* Assignment *
Output each entry that follows exactly. Images stay out.

Records for processing Start Marker

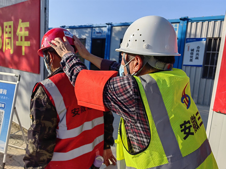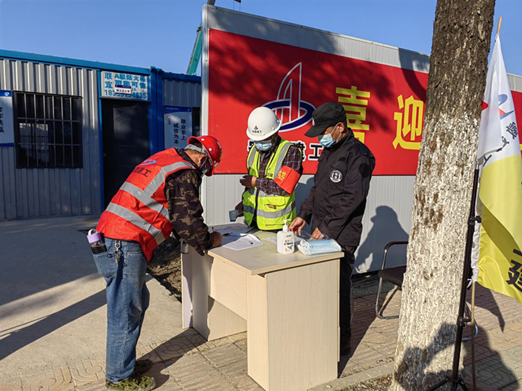 前期围墙未完全封闭,给防疫带来一定的难度,为防止工人未登记入场私自出入,项目经理崔冲双管齐下,带领项目部制定防疫方案。一是采取项目管理人员现场巡查制度,实行网格化管理。二是制定安全帽每日进场贴牌,对入口登记过的工人安全帽上贴上安全牌,便于巡查人员识别当日现场人员是否按要求进场,此方式得到了业主和监理单位充分认可。
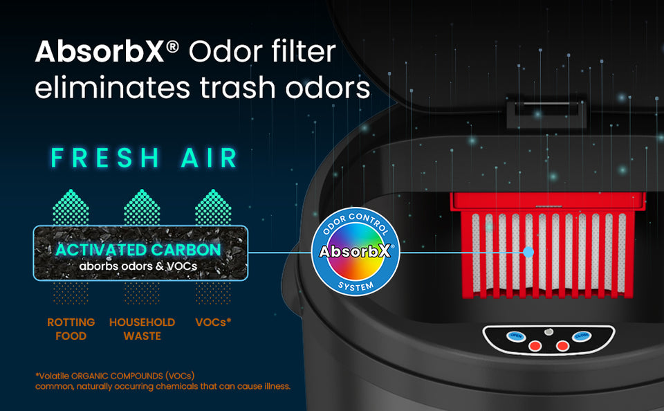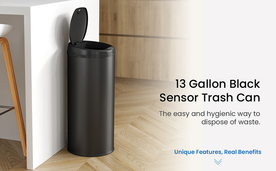 The 13 Gallon / 49 Liter Black Stainless Steel Sensor Kitchen Trash Can is the ideal automatic trash can for a clean, modern kitchen. This touchless trash can features an automated sensor lid for hygienic, hands-free operation, making it the perfect choice for those who prioritize convenience and cleanliness. Equipped with the AbsorbX Odor Control System, it helps maintain a fresh environment by eliminating unpleasant odors.
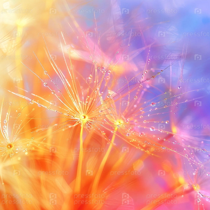 Художественная фотография одуванчика крупным планом на синем фоне
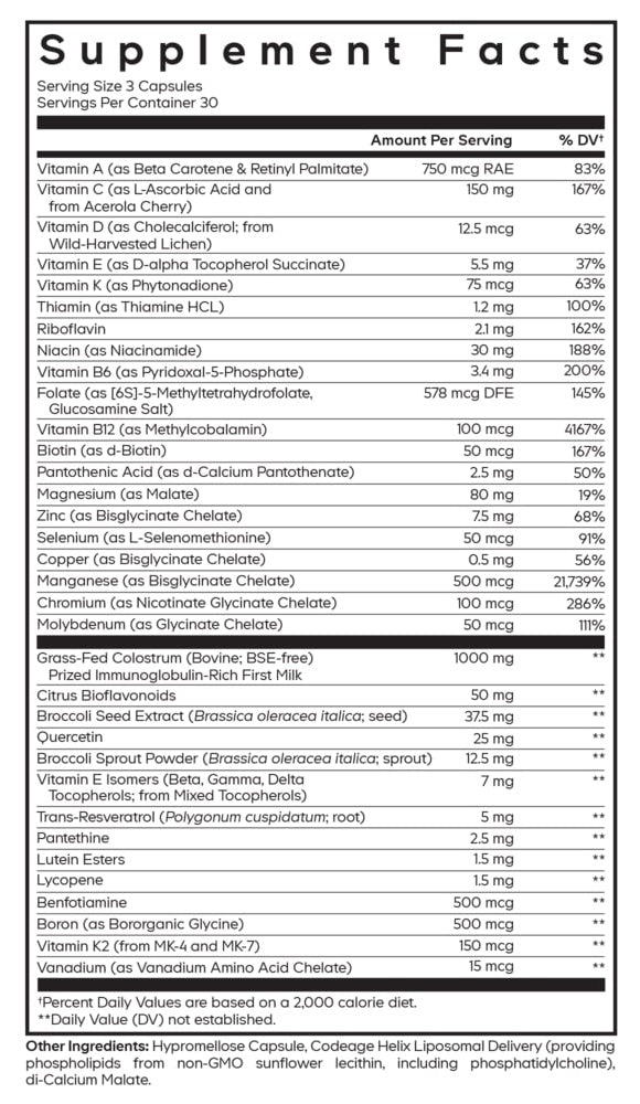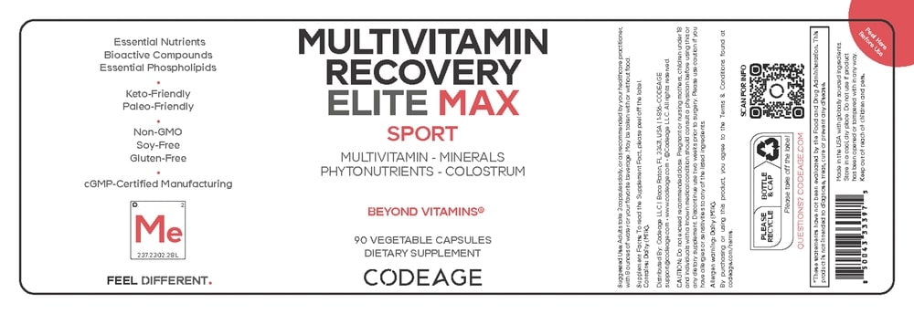 Upgrade your post-workout recovery with Codeage Multivitamin Recovery Elite Max. Custom-designed for athletes and fitness enthusiasts, this premier sports multivitamin is packed with a curated blend of vitamins, minerals, grass-fed colostrum, antioxidants, and phytonutrients, all encapsulated for convenient consumption.
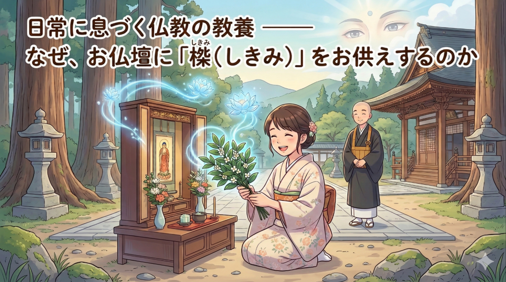 そこには、単なるしきたりではなく、私たちの心をすっと穏やかにしてくれる、仏教の美しい「智慧(ちえ)」が隠されています。 実はこの青々とした葉には、仏さまがたいへんお喜びになる“ある秘密”が込められているのです。
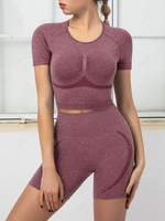 Seamless Ruched Short Sleeve Top And Sport Skinny Shorts Set S Deep

Records for processing End Marker

* Solution *
 前期围墙未完全封闭,给防疫带来一定的难度,为防止工人未登记入场私自出入,项目经理崔冲双管齐下,带领项目部制定防疫方案。一是采取项目管理人员现场巡查制度,实行网格化管理。二是制定安全帽每日进场贴牌,对入口登记过的工人安全帽上贴上安全牌,便于巡查人员识别当日现场人员是否按要求进场,此方式得到了业主和监理单位充分认可。
 The 13 Gallon / 49 Liter Black Stainless Steel Sensor Kitchen Trash Can is the ideal automatic trash can for a clean, modern kitchen. This touchless trash can features an automated sensor lid for hygienic, hands-free operation, making it the perfect choice for those who prioritize convenience and cleanliness. Equipped with the AbsorbX Odor Control System, it helps maintain a fresh environment by eliminating unpleasant odors.
 Художественная фотография одуванчика крупным планом на синем фоне
 Upgrade your post-workout recovery with Codeage Multivitamin Recovery Elite Max. Custom-designed for athletes and fitness enthusiasts, this premier sports multivitamin is packed with a curated blend of vitamins, minerals, grass-fed colostrum, antioxidants, and phytonutrients, all encapsulated for convenient consumption.
 そこには、単なるしきたりではなく、私たちの心をすっと穏やかにしてくれる、仏教の美しい「智慧(ちえ)」が隠されています。 実はこの青々とした葉には、仏さまがたいへんお喜びになる“ある秘密”が込められているのです。
 Seamless Ruched Short Sleeve Top And Sport Skinny Shorts Set S Deep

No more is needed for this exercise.